:: Task brief ::
Only the lines from the beginning of the entries through the one with "Obrońca Poczty Polskiej" should be written out, please, exactly and without any pictures.

:: Records to process ::
╔══
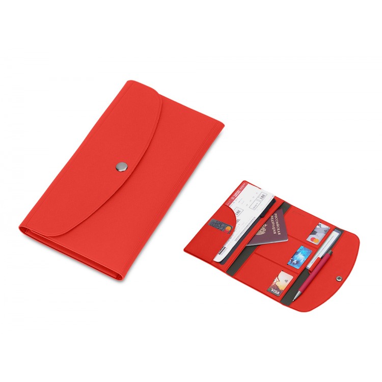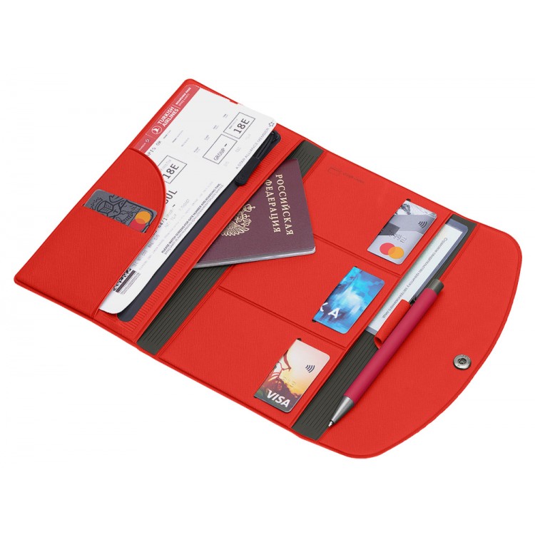 Органайзер для документов на кнопке с отделением для купюр и ручки, упаковка в индивидуальный пакет, красный/серый
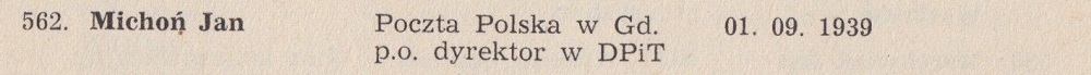 Obrońca Poczty Polskiej w Gdańsku. Kancelista PKP.
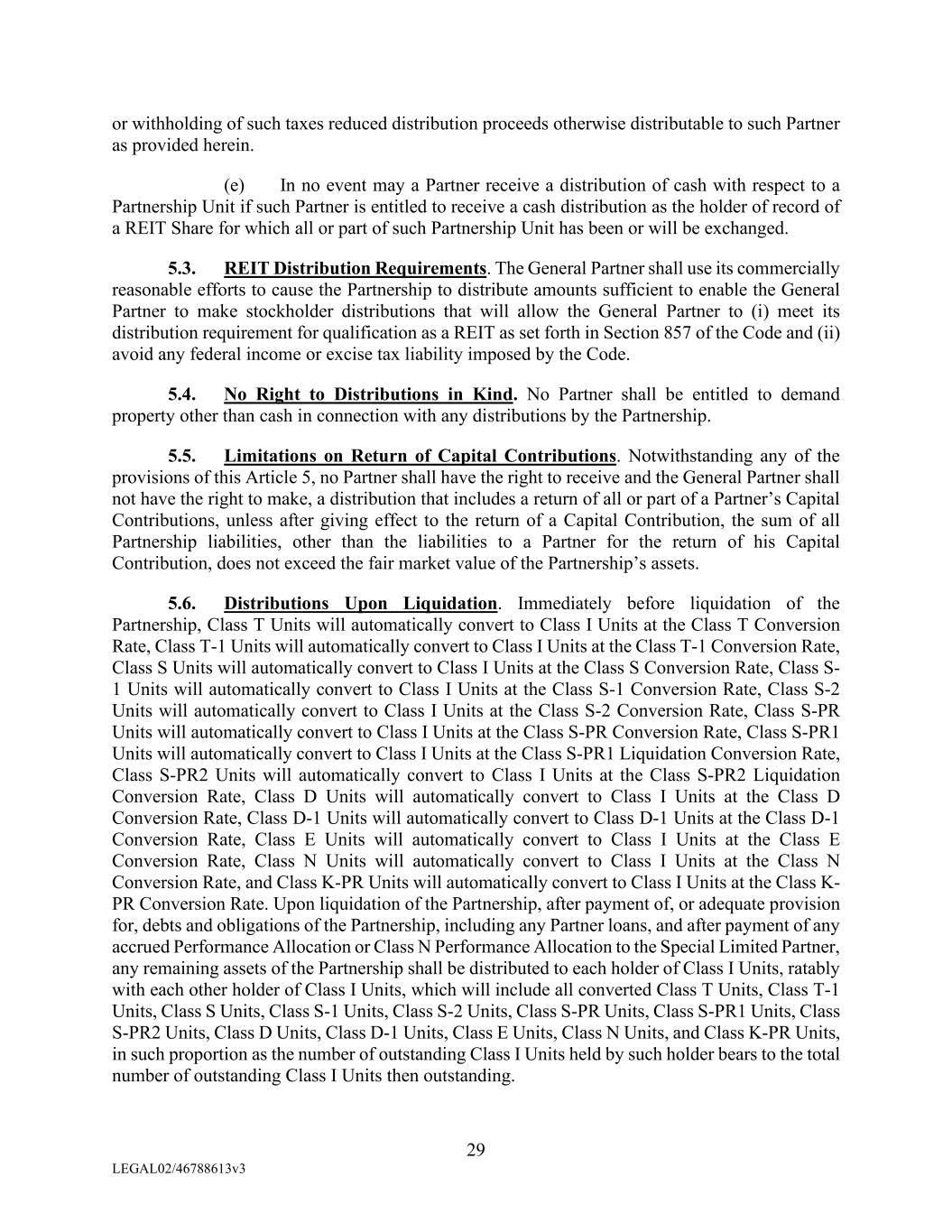 29 LEGAL02/46788613v3 or withholding of such taxes reduced distribution proceeds otherwise distributable to such Partner as provided herein. (e) In no event may a Partner receive a distribution of cash with respect to a Partnership Unit if such Partner is entitled to receive a cash distribution as the holder of record of a REIT Share for which all or part of such Partnership Unit has been or will be exchanged. 5.3. REIT Distribution Requirements. The General Partner shall use its commercially reasonable efforts to cause the Partnership to distribute amounts sufficient to enable the General Partner to make stockholder distributions that will allow the General Partner to (i) meet its distribution requirement for qualification as a REIT as set forth in Section 857 of the Code and (ii) avoid any federal income or excise tax liability imposed by the Code. 5.4. No Right to Distributions in Kind. No Partner shall be entitled to demand property other than cash in connection with any distributions by the Partnership. 5.5. Limitations on Return of Capital Contributions. Notwithstanding any of the provisions of this Article 5, no Partner shall have the right to receive and the General Partner shall not have the right to make, a distribution that includes a return of all or part of a Partner’s Capital Contributions, unless after giving effect to the return of a Capital Contribution, the sum of all Partnership liabilities, other than the liabilities to a Partner for the return of his Capital Contribution, does not exceed the fair market value of the Partnership’s assets. 5.6. Distributions Upon Liquidation. Immediately before liquidation of the Partnership, Class T Units will automatically convert to Class I Units at the Class T Conversion Rate, Class T-1 Units will automatically convert to Class I Units at the Class T-1 Conversion Rate, Class S Units will automatically convert to Class I Units at the Class S Conversion Rate, Class S- 1 Units will automatically convert to Class I Units at the Class S-1 Conversion Rate, Class S-2 Units will automatically convert to Class I Units at the Class S-2 Conversion Rate, Class S-PR Units will automatically convert to Class I Units at the Class S-PR Conversion Rate, Class S-PR1 Units will automatically convert to Class I Units at the Class S-PR1 Liquidation Conversion Rate, Class S-PR2 Units will automatically convert to Class I Units at the Class S-PR2 Liquidation Conversion Rate, Class D Units will automatically convert to Class I Units at the Class D Conversion Rate, Class D-1 Units will automatically convert to Class D-1 Units at the Class D-1 Conversion Rate, Class E Units will automatically convert to Class I Units at the Class E Conversion Rate, Class N Units will automatically convert to Class I Units at the Class N Conversion Rate, and Class K-PR Units will automatically convert to Class I Units at the Class K- PR Conversion Rate. Upon liquidation of the Partnership, after payment of, or adequate provision for, debts and obligations of the Partnership, including any Partner loans, and after payment of any accrued Performance Allocation or Class N Performance Allocation to the Special Limited Partner, any remaining assets of the Partnership shall be distributed to each holder of Class I Units, ratably with each other holder of Class I Units, which will include all converted Class T Units, Class T-1 Units, Class S Units, Class S-1 Units, Class S-2 Units, Class S-PR Units, Class S-PR1 Units, Class S-PR2 Units, Class D Units, Class D-1 Units, Class E Units, Class N Units, and Class K-PR Units, in such proportion as the number of outstanding Class I Units held by such holder bears to the total number of outstanding Class I Units then outstanding.
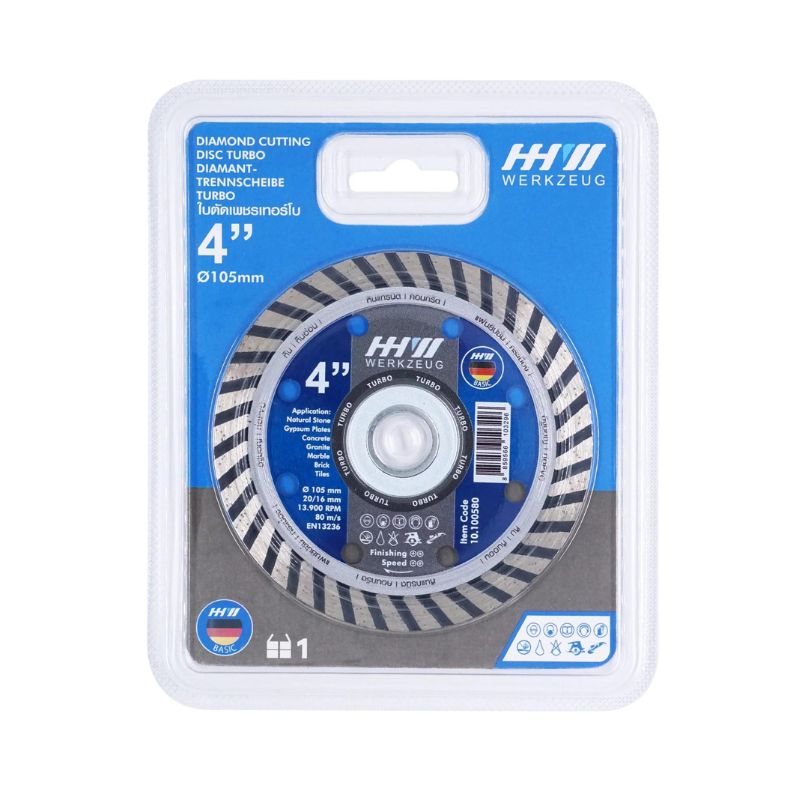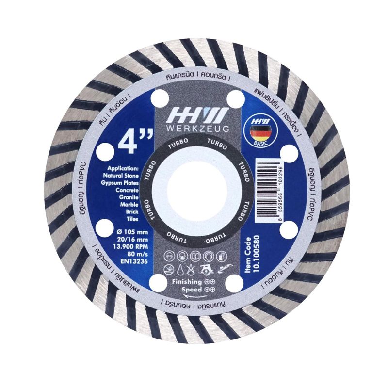 HHW ใบตัดเพชรเทอร์โบ DIAMOND CUTTING DISC TURBO ขนาด 4 นิ้ว ประสิทธิภาพสูง ตัดเนี้ยบ เฉียบคม เหมาะกับงานหนัก สำหรับใช้ตัด ตัดหิน หินอ่อน หินแกรนิต คอนกรีต แผ่นยิปซั่ม กระเบื้อง อิฐมอญ ท่อพีวีซี ผลิตจากวัสดุเหล็กกล้า ไม่เป็นสนิม อายุการใช้งานยาวนาน ทนทานต่อการแตกหัก ความปลอดภัยสูงสุดตามมาตรฐาน EN 12413 ของยุโรป
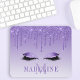 Modern Elegant Fashionable and Trendy Violet Purple Glitter Mouse Pad personalized with your Monogram Initial and Name. Sparkling Eyelashes. Dripping Glitter with sparkles.
╚══
:: Solution below ::
 Органайзер для документов на кнопке с отделением для купюр и ручки, упаковка в индивидуальный пакет, красный/серый
 Obrońca Poczty Polskiej w Gdańsku. Kancelista PKP.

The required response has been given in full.